Temporary increase in tooth sensitivity: Tooth sensitivity should not last beyond a week after getting your teeth whitened. This side effect occurs during the early stages of teeth whitening. Teeth sensitivity can be reduced or eliminated by the following ways:

  • Wearing the whitening tray for a shorter period of time
  • Stop whitening teeth for a few days, allowing time for the teeth to adjust
  • Obtain a product that contains high levels of fluoride to help re-mineralize teeth
  • Brush teeth with toothpaste meant for sensitive teeth (They contain potassium nitrate that soothes the exposed nerve endings of teeth.)

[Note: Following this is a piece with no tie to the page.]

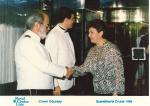 | El capitán del barco "Scandinavia" saluda a Margarita García Villarreal. Viste una blusa de rombos, lleva collar y aretes. |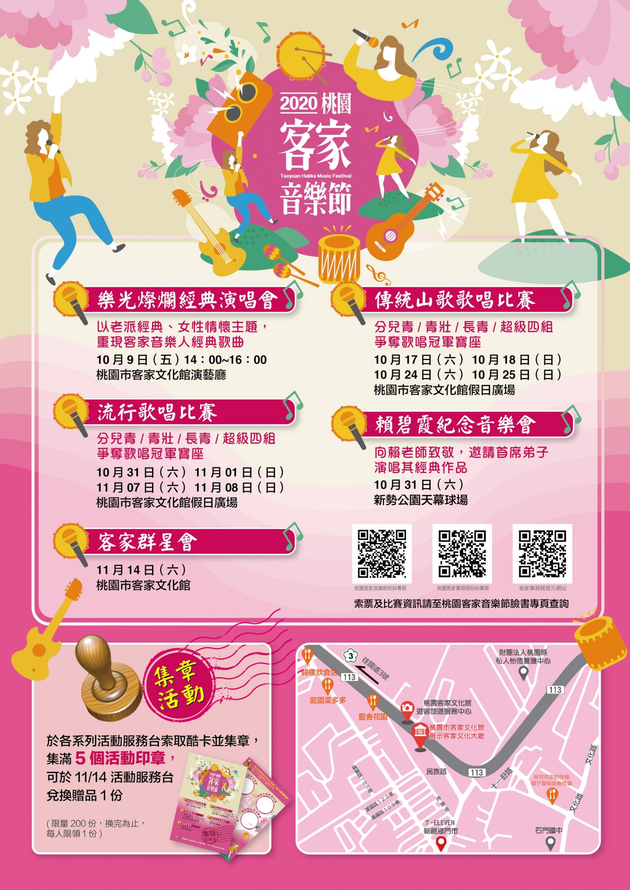 為推廣本市客家文化館典藏客家音樂人之音樂及作品,將客家流行音樂以不同風貌呈現,訂於109年10月9日(星期五)下午2時至4時假桃園市客家文化館演藝廳辦理辦理「2020桃園客家音樂節-樂光燦爛經典演唱會」,免費索票入場(索票資訊詳見活動文宣電子檔)

Mild irritation of the soft tissues of the mouth, especially the gums: This problem is known to occur with OTC whitening kits. The bleaching agents may leak out around the edges of the mouthpiece and irritate the gums. Swallowing too much of the bleaching agent is harmful for the body, and it tastes bad as well. The long-term effects of sustained OTC whitening kits are not yet known, because these products have been launched quite recently in the market. To reduce irritation, the directions on the package should be properly followed. However, if there is too much irritation, the product should not be used.

According to an article published by Haywood in 1992, teeth whiteners should be used with caution, because of the presence of carbamide peroxide and hydrogen peroxide. Teeth whiteners are not drugs; hence, they are not regulated by the US Food and Drug Administration (FDA). Consumers need to be cautious and well-informed when using teeth whiteners, especially the OTC kits that are available at various drugstores.

References:

Haywood, V. B. (1992). History, safety, and effectiveness of current bleaching techniques and applications of the nightguard vital bleaching technique. Quintessence Int, 23(7), 471-88.

Tredwin, C. J., Naik, S., Lewis, N. J., & Scully, C. B. E. C. (2006). Hydrogen peroxide tooth-whitening (bleaching) products: review of adverse effects and safety issues. British dental journal, 200(7), 371-376.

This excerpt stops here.